Why? To help them understand how to better fend off a future global epidemic from the bird flu spreading in Southeast Asia.
Researchers believe their work offers proof the 1918 flu originated in birds, and provides insights into how it attacked and multiplied in humans. On top of that, this marks the first time an infectious agent behind a historic pandemic has ever been reconstructed.
The scientists involved in the project contend there’s no real risk to public safety. The vials of this frightening germ — about 10 of them — are locked away at the federal Centers for Disease Control and Prevention in Atlanta, said Terrence Tumpey, the CDC research scientist who constructed the virus.
However, at least one ethicist thinks there should be a broader public discussion before scientists take such bold steps.

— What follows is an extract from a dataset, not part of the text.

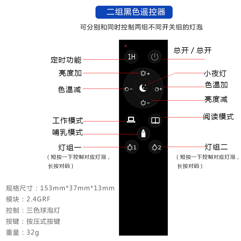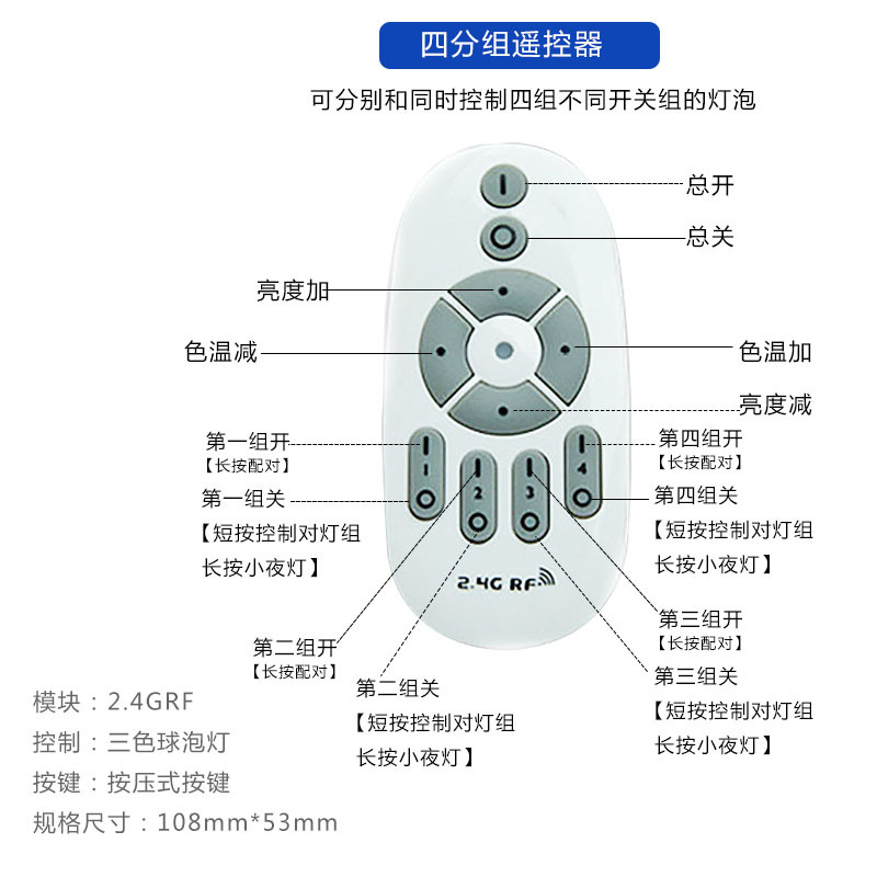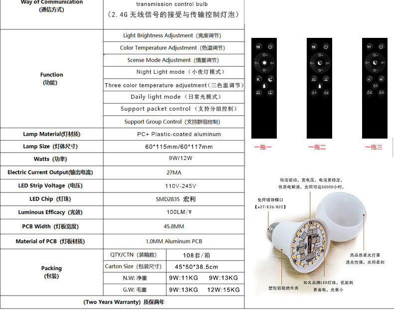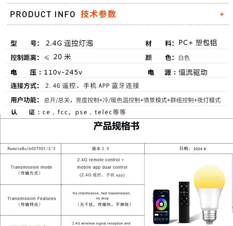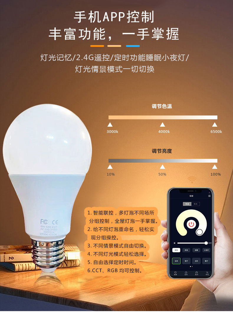 跨境智能2.4g遥控宽压三色温灯泡可无极调光调色led球泡灯螺口e26

“There isn’t much input from the public. I think there should be,” said Dr. Arthur Caplan, director of the University of Pennsylvania’s Center for Bioethics.
'A big day for science'
Like the 1918 virus, the current avian flu in Southeast Asia occurs naturally in birds. In 1918, the virus mutated, infected people and then spread among them. So far, the current Asian virus has infected and killed at least 65 people but has rarely spread person-to-person.
But viruses mutate rapidly and it could soon develop infectious properties like those seen in the earlier bug, said Dr. Jeffery Taubenberger of the U.S. Armed Forces Institute of Pathology.
“The effort to understand what happened in 1918 has taken on a new urgency,” said Taubenberger, who led the team that did the gene-sequencing for the project.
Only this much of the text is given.